Более чем полуторавековое общественное сознание под беспримерным давлением интеллигентных «книжников» привыкло видеть в декабристах героев и мучеников: пятеро повешены, более сотни сосланы на каторгу, отправлены рядовыми на Кавказ, отосланы по разным сибирским местам на поселение. А судьба декабристских жен? — это история просто никогда не передавалась у нас без «слез на глазах» и без «сжатых кулаков» в ненависти к «царизму» и главному мучителю — императору Николаю I.
Но, позволительно спросить, не сами ли «мученики» устроили свои муки, не сами ли вели себя самоубийственно?
Что должен был делать император Николай I, на момент восстания являвшийся той верховной властью в империи, историческое существование которой измерялось уже десятым столетием? Какие были основания у императора не действовать так, как он действовал, охраняя свой прародительский престол, спокойствие державы и мир в обществе?

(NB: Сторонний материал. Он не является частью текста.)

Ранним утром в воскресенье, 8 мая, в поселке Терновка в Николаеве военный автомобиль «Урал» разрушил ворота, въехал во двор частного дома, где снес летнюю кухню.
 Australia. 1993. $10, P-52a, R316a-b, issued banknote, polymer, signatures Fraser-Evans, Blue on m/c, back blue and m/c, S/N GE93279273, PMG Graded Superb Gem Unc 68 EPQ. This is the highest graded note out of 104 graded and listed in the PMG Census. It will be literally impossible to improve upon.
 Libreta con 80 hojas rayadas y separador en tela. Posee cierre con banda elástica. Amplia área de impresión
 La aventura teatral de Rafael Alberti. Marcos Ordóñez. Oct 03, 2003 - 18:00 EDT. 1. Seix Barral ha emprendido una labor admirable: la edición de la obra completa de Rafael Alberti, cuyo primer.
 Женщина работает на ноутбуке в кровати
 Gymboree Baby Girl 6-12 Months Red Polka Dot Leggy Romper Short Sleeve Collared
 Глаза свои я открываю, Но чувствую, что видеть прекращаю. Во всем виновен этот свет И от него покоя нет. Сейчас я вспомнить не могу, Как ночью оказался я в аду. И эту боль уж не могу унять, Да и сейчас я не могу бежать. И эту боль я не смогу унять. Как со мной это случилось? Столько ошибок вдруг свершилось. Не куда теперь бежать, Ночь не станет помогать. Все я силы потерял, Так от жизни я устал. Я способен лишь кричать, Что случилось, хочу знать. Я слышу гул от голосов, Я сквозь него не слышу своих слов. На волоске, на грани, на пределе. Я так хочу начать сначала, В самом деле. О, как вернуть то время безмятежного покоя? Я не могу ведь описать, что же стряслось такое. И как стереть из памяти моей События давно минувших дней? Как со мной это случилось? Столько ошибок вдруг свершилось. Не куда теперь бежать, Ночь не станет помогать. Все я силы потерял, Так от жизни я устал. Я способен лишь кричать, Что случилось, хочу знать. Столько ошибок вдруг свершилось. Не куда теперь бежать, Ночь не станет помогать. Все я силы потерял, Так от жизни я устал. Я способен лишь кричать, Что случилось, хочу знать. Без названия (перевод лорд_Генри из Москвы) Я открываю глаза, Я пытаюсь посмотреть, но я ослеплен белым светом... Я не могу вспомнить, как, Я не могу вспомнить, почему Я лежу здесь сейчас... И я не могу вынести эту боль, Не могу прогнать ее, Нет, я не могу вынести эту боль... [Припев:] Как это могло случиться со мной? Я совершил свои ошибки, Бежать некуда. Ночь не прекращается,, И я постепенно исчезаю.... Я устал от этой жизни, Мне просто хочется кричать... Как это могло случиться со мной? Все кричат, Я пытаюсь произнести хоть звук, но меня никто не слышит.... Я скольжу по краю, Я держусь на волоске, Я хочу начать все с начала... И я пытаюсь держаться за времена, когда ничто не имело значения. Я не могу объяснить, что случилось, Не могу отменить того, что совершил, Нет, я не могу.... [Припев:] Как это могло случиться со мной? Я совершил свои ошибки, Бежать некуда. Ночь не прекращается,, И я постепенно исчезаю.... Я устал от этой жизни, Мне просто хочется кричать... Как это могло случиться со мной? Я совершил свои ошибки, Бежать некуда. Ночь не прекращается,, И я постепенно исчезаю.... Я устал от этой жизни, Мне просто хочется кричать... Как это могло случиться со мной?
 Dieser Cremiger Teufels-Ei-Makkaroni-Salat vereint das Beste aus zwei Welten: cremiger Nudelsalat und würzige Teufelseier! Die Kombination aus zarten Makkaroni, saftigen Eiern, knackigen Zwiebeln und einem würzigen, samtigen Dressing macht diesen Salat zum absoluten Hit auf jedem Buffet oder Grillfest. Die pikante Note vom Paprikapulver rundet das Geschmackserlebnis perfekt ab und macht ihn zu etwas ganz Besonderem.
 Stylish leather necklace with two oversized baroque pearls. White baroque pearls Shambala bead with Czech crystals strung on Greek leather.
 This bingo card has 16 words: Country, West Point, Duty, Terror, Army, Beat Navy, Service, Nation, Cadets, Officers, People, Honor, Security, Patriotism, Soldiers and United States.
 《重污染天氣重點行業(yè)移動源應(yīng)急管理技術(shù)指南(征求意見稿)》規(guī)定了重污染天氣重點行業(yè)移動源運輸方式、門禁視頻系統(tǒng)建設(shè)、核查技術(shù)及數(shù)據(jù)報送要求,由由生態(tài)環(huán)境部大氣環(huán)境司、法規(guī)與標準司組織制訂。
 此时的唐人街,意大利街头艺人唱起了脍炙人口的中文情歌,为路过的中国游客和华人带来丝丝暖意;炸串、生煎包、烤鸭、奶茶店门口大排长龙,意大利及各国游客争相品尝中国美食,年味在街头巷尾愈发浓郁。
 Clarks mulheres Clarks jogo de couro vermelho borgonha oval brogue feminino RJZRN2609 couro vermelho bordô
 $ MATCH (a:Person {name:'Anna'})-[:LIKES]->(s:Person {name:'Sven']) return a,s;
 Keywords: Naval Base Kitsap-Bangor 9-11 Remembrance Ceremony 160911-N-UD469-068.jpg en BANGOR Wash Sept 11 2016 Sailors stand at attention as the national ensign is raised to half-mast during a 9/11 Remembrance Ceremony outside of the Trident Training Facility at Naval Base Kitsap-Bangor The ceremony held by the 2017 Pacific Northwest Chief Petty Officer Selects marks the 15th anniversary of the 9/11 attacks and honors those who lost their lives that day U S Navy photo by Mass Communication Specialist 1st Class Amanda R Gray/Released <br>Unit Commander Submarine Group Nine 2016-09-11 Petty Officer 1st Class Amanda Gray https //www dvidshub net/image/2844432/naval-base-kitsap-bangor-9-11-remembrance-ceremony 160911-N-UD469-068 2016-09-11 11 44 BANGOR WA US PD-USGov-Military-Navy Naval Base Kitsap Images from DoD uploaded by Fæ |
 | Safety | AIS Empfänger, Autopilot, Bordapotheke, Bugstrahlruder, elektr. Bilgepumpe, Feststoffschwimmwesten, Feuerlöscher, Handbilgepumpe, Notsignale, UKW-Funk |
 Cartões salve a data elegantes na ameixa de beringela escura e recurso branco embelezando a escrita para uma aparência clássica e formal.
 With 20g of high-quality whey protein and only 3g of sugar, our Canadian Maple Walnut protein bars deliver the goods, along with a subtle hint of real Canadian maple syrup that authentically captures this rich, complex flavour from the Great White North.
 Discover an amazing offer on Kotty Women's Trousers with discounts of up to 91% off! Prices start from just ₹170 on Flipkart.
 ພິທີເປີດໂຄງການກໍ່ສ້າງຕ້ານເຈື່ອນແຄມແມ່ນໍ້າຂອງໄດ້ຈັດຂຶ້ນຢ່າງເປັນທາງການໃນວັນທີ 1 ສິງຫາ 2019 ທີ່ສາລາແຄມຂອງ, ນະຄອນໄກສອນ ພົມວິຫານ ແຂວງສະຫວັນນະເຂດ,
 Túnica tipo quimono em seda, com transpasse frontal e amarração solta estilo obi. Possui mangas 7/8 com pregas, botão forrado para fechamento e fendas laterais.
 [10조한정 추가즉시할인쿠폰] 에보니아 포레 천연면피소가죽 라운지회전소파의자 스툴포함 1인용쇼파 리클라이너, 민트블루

Ведь самый большой порок власти — это ее бездействие или безвластие в момент, когда решается судьба государства. Скорее, государь имел полное право быть еще жестче по отношению к вооруженному мятежу, чем это было в реальности [8]. Если отказать верховной власти в праве самозащиты от бунтовщиков, то почему, собственно, оставлять вообще наказание за другие преступления, например чисто уголовные [9]. Помня о всевозможных бунтарях, разрушителях, революционерах и прочих безусловно «прогрессивных» людях, мы почему-то никогда не вспоминаем о настоящих мучениках от этих кровавых героев — законопослушных или верноподданных гражданах. Где и когда можно было слышать добрые слова в адрес исполнивших свой долг 14 декабря, — таких, как знаменитый генерал граф Милорадович [10], убитый Каховским выстрелом сзади и доколотый князем Оболенским штыком; о жестоко раненных генералах Шеншине, Фредериксе, Стюрлере, полковнике Хвощинском, конногвардейцах (например, ротмистр Велио потерял руку), гренадерах и других солдатах, потерявших жизнь или здоровье только потому, что «сто прапорщиков хотят переменить весь государственный быт России» [11].
Вот настоящие мученики долга, исполнившие до конца взятые с присягой на себя ответственность и гражданские обязанности!
Декабристы, зная, что наказание, в случае неудачи, будет суровое, повели за собой солдат, не способных разобраться, во что их втянули обманом [12].
И это подставление под наказание нескольких тысяч человек из народа преподносится до сих пор как деяние, совершенное «ради народа», ради его «освобождения»!
«Интеллигенция, — писал русский поэт и критик Н.М. Соколов, — …в глубине души вполне разделяет мысль Вольтера: “Народ всегда останется глуп и невежественен: это скот, которому нужно лишь ярмо, кнут да сено”. За время своего увлечения народом, “интеллигенция” пыталась забить его в тяжелое ярмо, обуздать его хлестким кнутом и несла ему самое скверное сено» {41} .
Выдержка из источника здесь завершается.